** Opening EXTRACTED ENTRIES block **

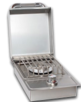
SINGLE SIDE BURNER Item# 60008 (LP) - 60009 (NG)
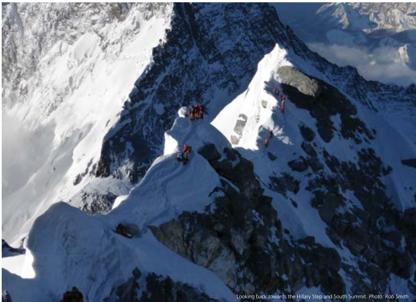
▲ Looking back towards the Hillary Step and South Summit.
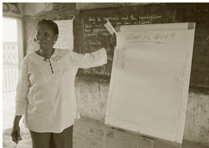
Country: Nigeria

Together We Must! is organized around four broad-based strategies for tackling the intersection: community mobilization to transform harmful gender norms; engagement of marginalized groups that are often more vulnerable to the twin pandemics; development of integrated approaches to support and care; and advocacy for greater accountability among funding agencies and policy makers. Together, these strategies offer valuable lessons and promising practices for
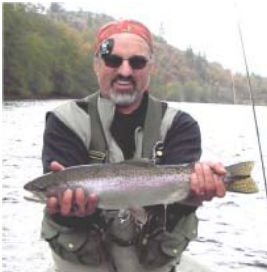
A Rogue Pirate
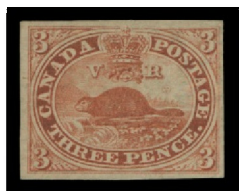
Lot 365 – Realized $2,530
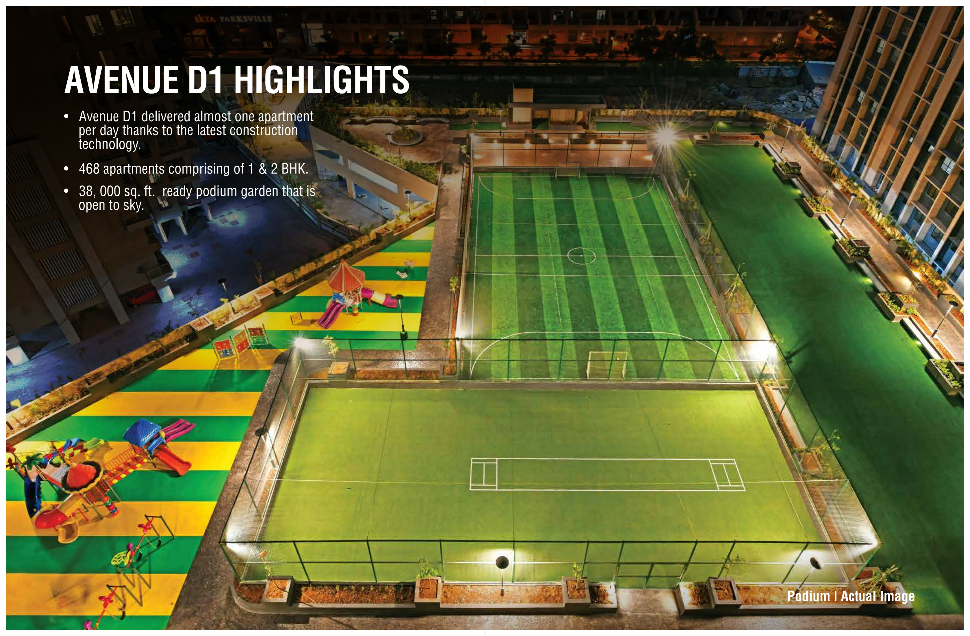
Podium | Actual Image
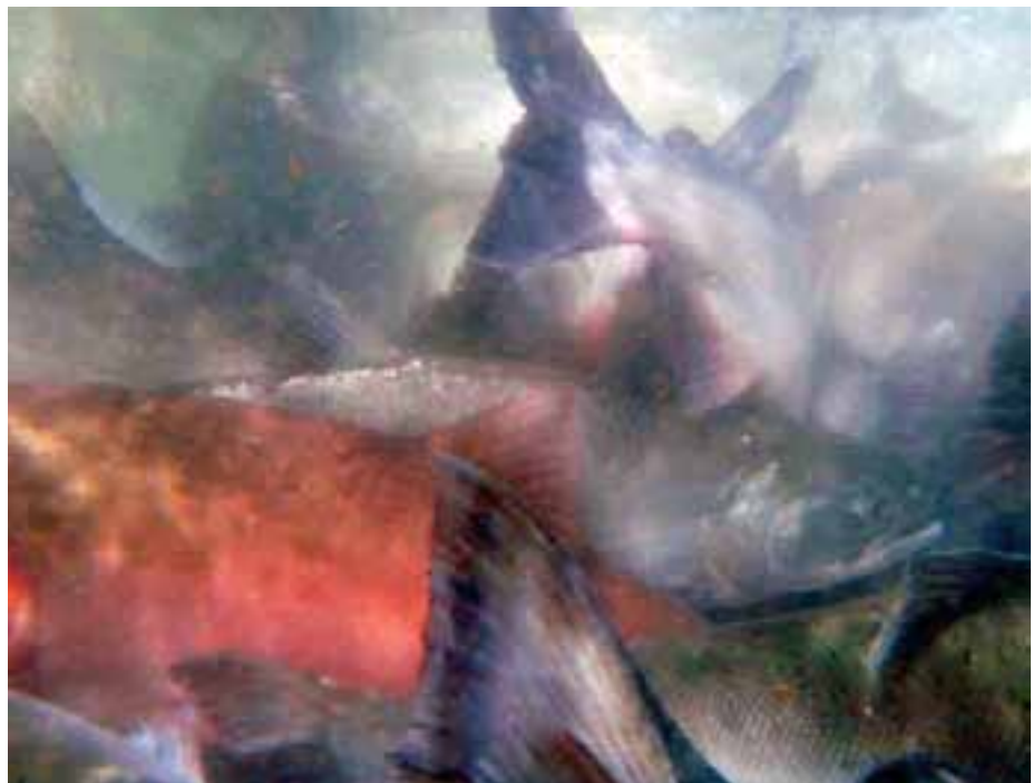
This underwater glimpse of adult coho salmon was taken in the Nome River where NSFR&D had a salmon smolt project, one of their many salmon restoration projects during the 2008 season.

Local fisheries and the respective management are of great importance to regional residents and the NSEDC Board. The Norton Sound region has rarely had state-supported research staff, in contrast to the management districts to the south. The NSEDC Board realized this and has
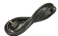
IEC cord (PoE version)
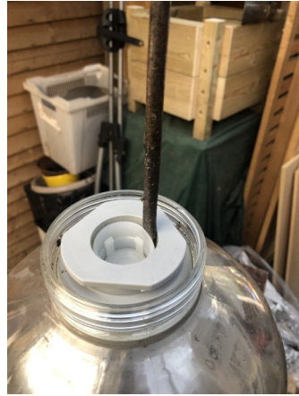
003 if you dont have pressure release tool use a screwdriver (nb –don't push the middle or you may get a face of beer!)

** Closing EXTRACTED ENTRIES block **

• **ASSIGNED TASK**: All entries above are to be restated exactly, with every image omitted.

• **ANSWER TO THIS TASK**:
SINGLE SIDE BURNER Item# 60008 (LP) - 60009 (NG)
▲ Looking back towards the Hillary Step and South Summit.
Country: Nigeria

Together We Must! is organized around four broad-based strategies for tackling the intersection: community mobilization to transform harmful gender norms; engagement of marginalized groups that are often more vulnerable to the twin pandemics; development of integrated approaches to support and care; and advocacy for greater accountability among funding agencies and policy makers. Together, these strategies offer valuable lessons and promising practices for
A Rogue Pirate
Lot 365 – Realized $2,530
Podium | Actual Image
This underwater glimpse of adult coho salmon was taken in the Nome River where NSFR&D had a salmon smolt project, one of their many salmon restoration projects during the 2008 season.

Local fisheries and the respective management are of great importance to regional residents and the NSEDC Board. The Norton Sound region has rarely had state-supported research staff, in contrast to the management districts to the south. The NSEDC Board realized this and has
IEC cord (PoE version)
003 if you dont have pressure release tool use a screwdriver (nb –don't push the middle or you may get a face of beer!)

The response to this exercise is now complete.